There is no 100 % security.

My own approach when dealing with software I want to download:

1) Use your brain. 'If it's too good to be true, it probably is'. Don't ever download rogue security software, make sure you know how to recognize it. Where and how did I get the information about the program that I want to download ?

2) It's usually safer to download it from the vendor's website than from download.com, majorgeeks etc.

3) do a search with Google to get more information. It doesn't have to take more than a few minutes.
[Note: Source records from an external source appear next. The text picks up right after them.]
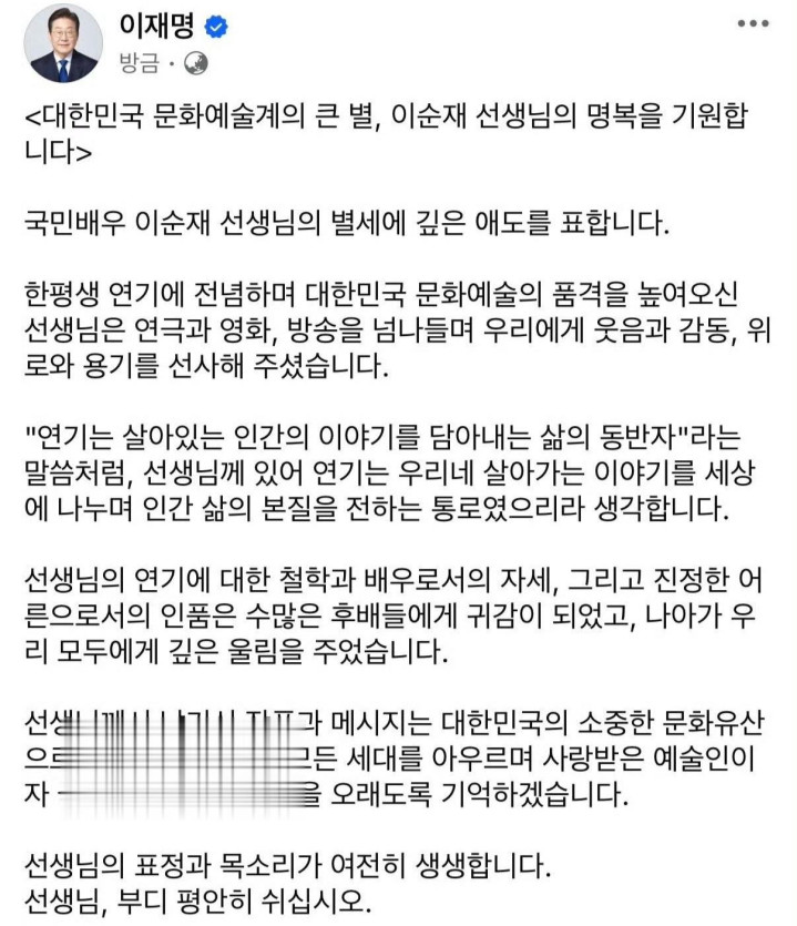 随后,韩国总统李在明在社交账号上发文悼念他,文字中给予他超高的肯定和评价。
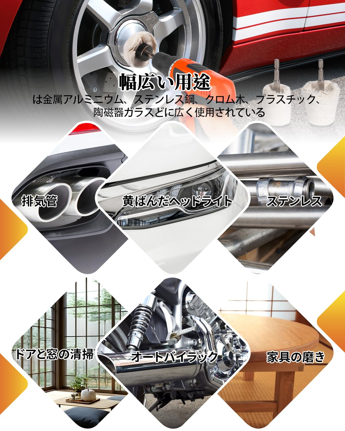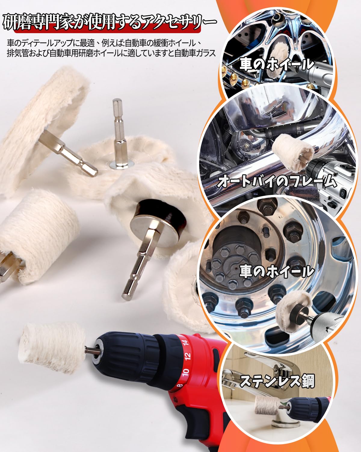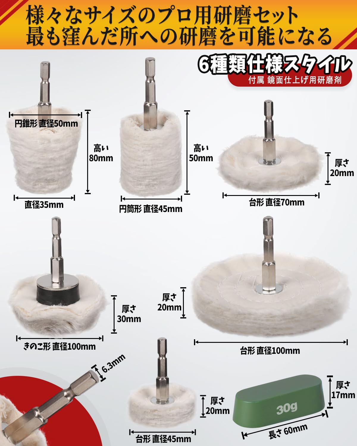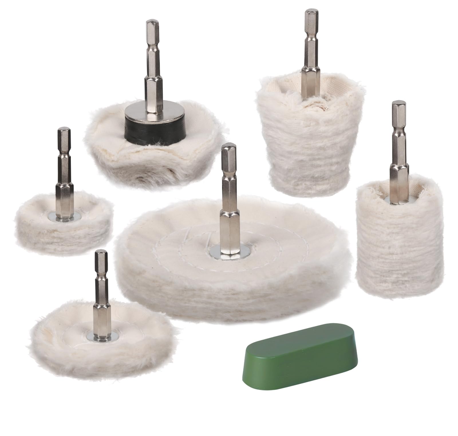 HWXINIE 電動ドライバー バフ 車磨き用 ウールバフ 7個セット 六角轴 付属 バフ用研磨剤,鏡面仕上げ 洗車用品 スケールを取り除く ガラス磨き
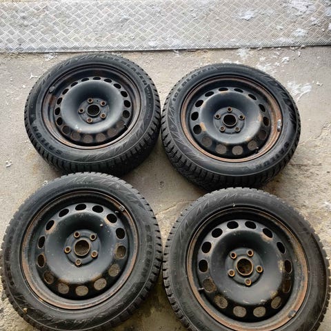 195/65 15 tuumaa kevytmetallivanteet. Hyvät vanteet renkaineen ovat lopu, olen ollut Cadilla, jako 5x112, keskireikä 57.1

Don't forget to check the vendor and its past reputation.

4) Check the WHOIS information of the website you want to download from.
If it uses some kind of privacy protection service, it's a red flag.
Same for websites from certain countries, like Russia and third-world countries. (no offence intended)

5) Check a reputation based system to evaluate the website, like WOT. Or analyze the URL. Example: Finjan linkscanner.
I usually skip this step.

6) (Make sure your browser is secure!) Download the software to your desktop. Next, upload the file to Virustotal, Jotti or both. There may be a permalink, but you can choose to analyze the file again.
More complicated but not useless: Upload the file to anubis.iseclab.org.

7) If everything checks out, install the program, but use a customized installation, read the EULA and privacy policy (only relevant sections), make sure you know what you install and skip any toolbars.

That's more or less how I do it. The average user may have some trouble following the seven steps, but it's not that hard and they can learn how to do it if they want to.

 

I'd like to check the MD5 or SHA value of download files.It may be more secure.

Looking up the information of download files on Google is not very safe.Because sometimes Google provides too much information and we can't make a clear distinction.